§ Instructions to follow: Exactly the lines from the beginning of the records to the line with "El camisón Flavie", both ends included, are to be given again, and pictures are to be left out.
**** Entries shown
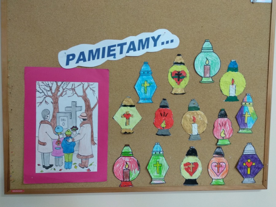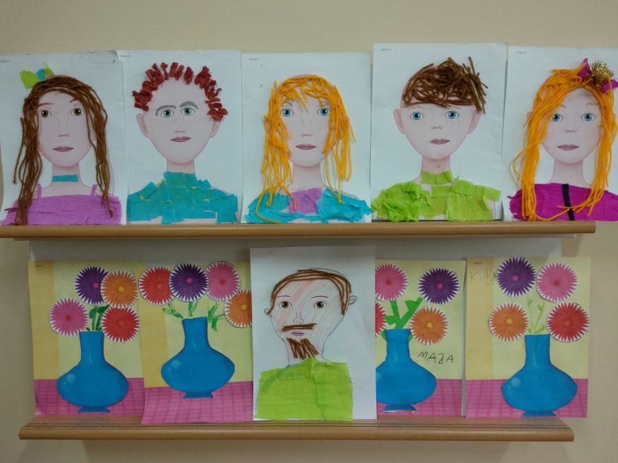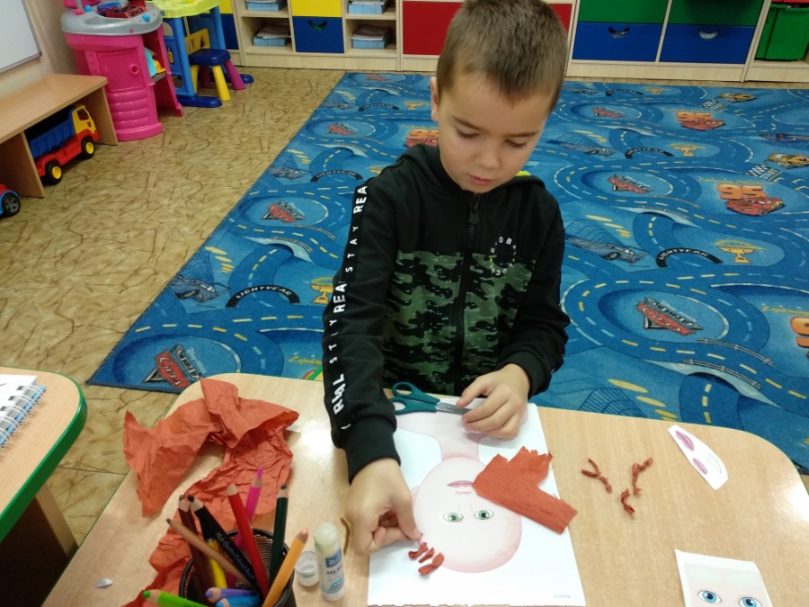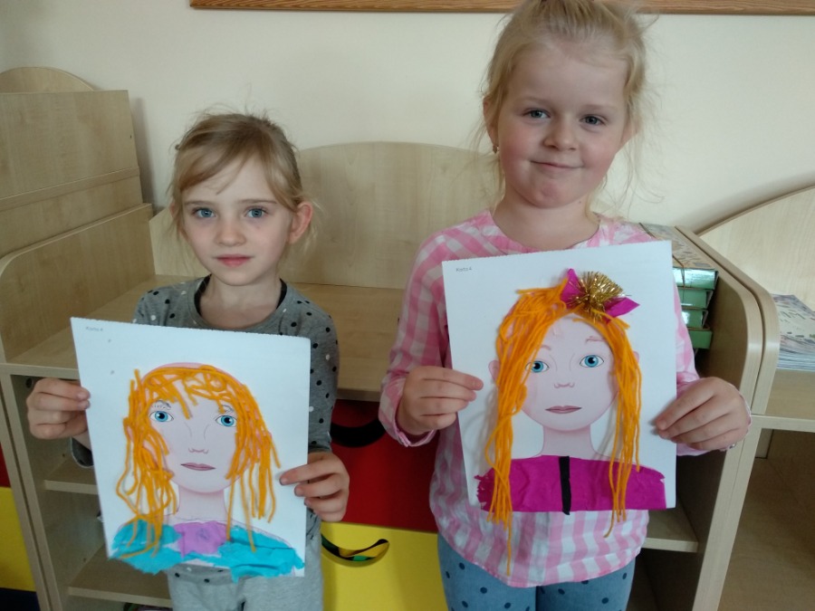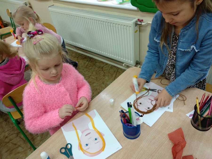 Starszaki tworzyły swoje portrety używając gotowych elementów oraz kolorowej bibuły i włóczki. Maluszki, z racji deszczowej pogody, wykonywały kolorowe parasole. Dzień wcześniej powstały kolorowe znicze.
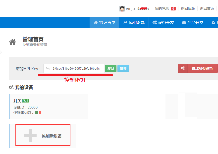 登陆自己账号后,系统自动生成API KEY秘钥,用户WiFi模块通信时提交的验证。点击添加新设备。
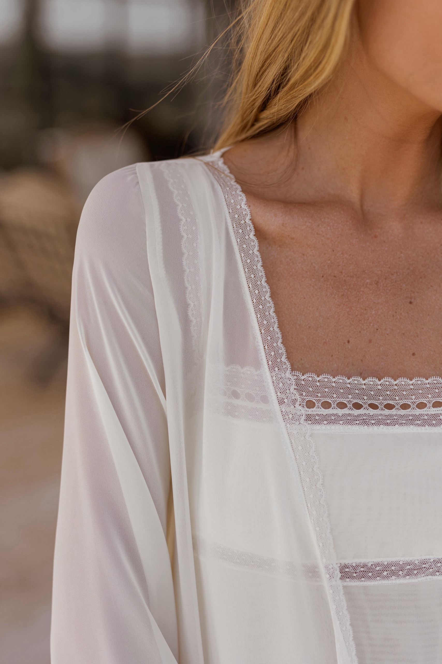 El camisón Flavie es una joya inspirada en los antiguos camisones antiguos. Confeccionado con capas de gasa y encaje Valencié. Lleva un pasacintas que permite añadir, si se desea, una cinta de terciopelo en tono gris verdoso . Tirantas en gasa y encaje. Un camisón de novia diferente, para bodas especiales. Combínalo con la bata Biarritz para un look de boda.
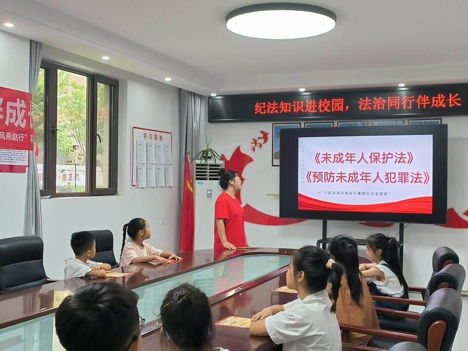 紀法知識進課堂,傳遞法治好聲音為提高未成年人自我保護能力,預防和減少未成年人違法犯罪行為,實踐隊員做足了充分的準備。從認真查閱相關法律法規資料到編輯宣傳冊;從制作課件到準備課堂講稿,無一處不活躍著實踐隊員們的影子。實踐隊員向小朋友們普及《未成年人保護法》和《預防未成年人犯罪法》,結合動畫視頻、實際案例和有獎問答等喜聞樂見的形式將復雜的法律條文轉化為通俗易懂的語言,給未成年人上好了一堂別開生面的紀法知識科普課。活動伊始,宣講隊員提出,“什么是未成年人呀?”小朋友們踴躍舉起雙手,答案不盡相同,他們帶著對知識的渴望和疑問認真聽講,明白原來未成年人是在座的他們,是未滿18周歲的公民;活動中期,宣講隊員以電影《少年的你》拉開校園霸凌的序幕,并聯系到該地3名初中生殘忍殺害同學的事件,讓小朋友們對校園霸凌有了更直觀深刻的認識。一位小朋友主動分享心得說:“遇到霸凌我會保護自己人身安全,并且告訴老師和家長!”掌聲如潮,其他小朋友也勇敢表達自己的想法,小朋友們紛紛表示受益匪淺。
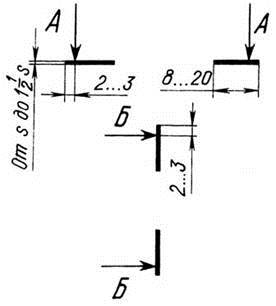 Положение секущей плоскости на чертеже указывают линии сечения. Для горизонтальных разрезов линии сечения указываются на главном виде или виде слева, для фронтальных – на виде сверху и слева; для профильных на главном виде и виде сверху. Для линии сечения применяется разомкнутая линия толщиной от S до 1,5S (см. ГОСТ 2.303-68). Для простых разрезов вычерчиваются начальный и конечный штрихи (рис. 12.2), а для сложных – начальный, у перегибов и конечный штрихи (рис. 12.12). Начальный и конечный штрихи линий сечения не должны пересекать контур соответствующего изображения. На этих штрихах перпендикулярно к нам следует ставить стрелки, указывающие направление взгляда. Стрелки находятся на расстоянии 2-3 мм от конца штриха (рис. 12.3)
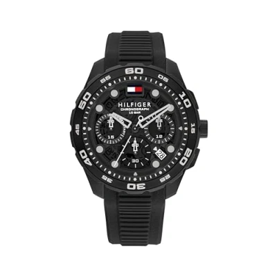 Tommy Hilfiger Chronograph Quartz Watch with Calendar for Men Black Silicone Bracelet 1792233
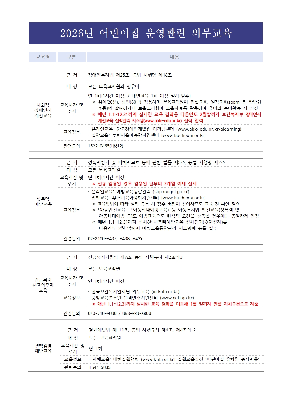 [센터] 2026년 어린이집 운영관련 의무교육 현황
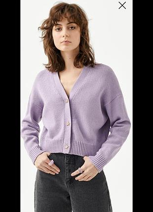Кардиган вязаный с пуговицами звездами.Укороченный хлопковый кардиган фактурной вязки.V-образный вырез на груди.Спущенная линия плеча.Манжеты и нижний край в рубчик.Застежка на золотистые пуговицы в виде морских звёзд.Цвет сиреневый.Состав: 60% хлопок,40% акрил.В наличии размер S/170-88-96.Возможна встреча и примерка в городе Киев.Отправка Новой и Укр.почтой,по предоплате на карту.С другими почтовыми отделениями не работаю. Артикул: 2211350840
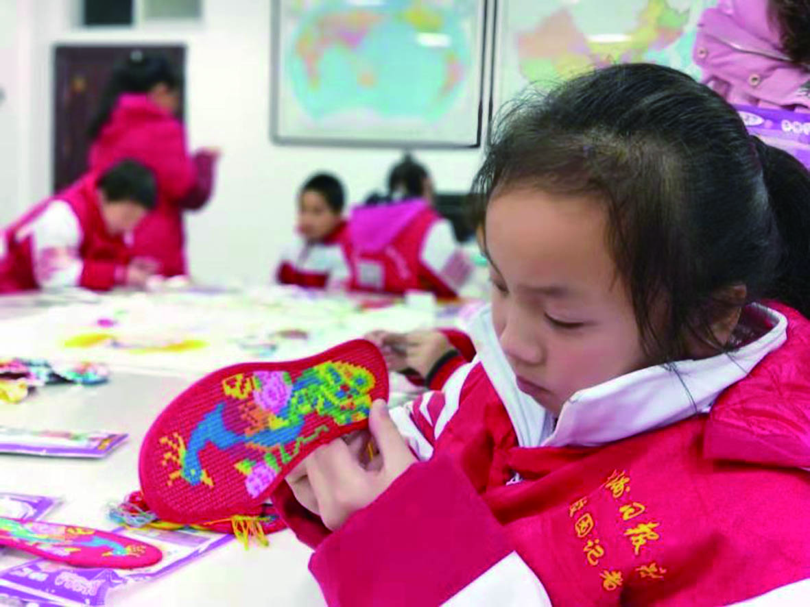 ▲再踏新征程,市外国语荷塘学校校园记者手绣鞋垫寓意深刻 王卫平 供图
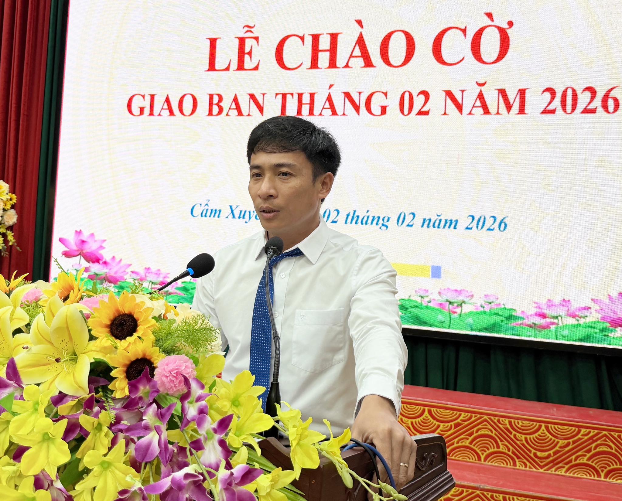 Sáng ngày 2/2/2026, Đảng bộ Uỷ ban nhân dân xã Cẩm Xuyên tổ chức Lễ chào cờ và giao ban tháng 02 năm 2026 đồng thời công bố Quyết định về việc tiếp nhận, bố trí công chức theo quy định. Tham dự có đồng chí Uỷ viên BTV Đảng uỷ; Trưởng, phó các phòng ban, chuyên môn; cùng toàn thể cán bộ, công chức, viên chức và người lao động tham dự.
********
§ Result:
 Starszaki tworzyły swoje portrety używając gotowych elementów oraz kolorowej bibuły i włóczki. Maluszki, z racji deszczowej pogody, wykonywały kolorowe parasole. Dzień wcześniej powstały kolorowe znicze.
 登陆自己账号后,系统自动生成API KEY秘钥,用户WiFi模块通信时提交的验证。点击添加新设备。
 El camisón Flavie es una joya inspirada en los antiguos camisones antiguos. Confeccionado con capas de gasa y encaje Valencié. Lleva un pasacintas que permite añadir, si se desea, una cinta de terciopelo en tono gris verdoso . Tirantas en gasa y encaje. Un camisón de novia diferente, para bodas especiales. Combínalo con la bata Biarritz para un look de boda.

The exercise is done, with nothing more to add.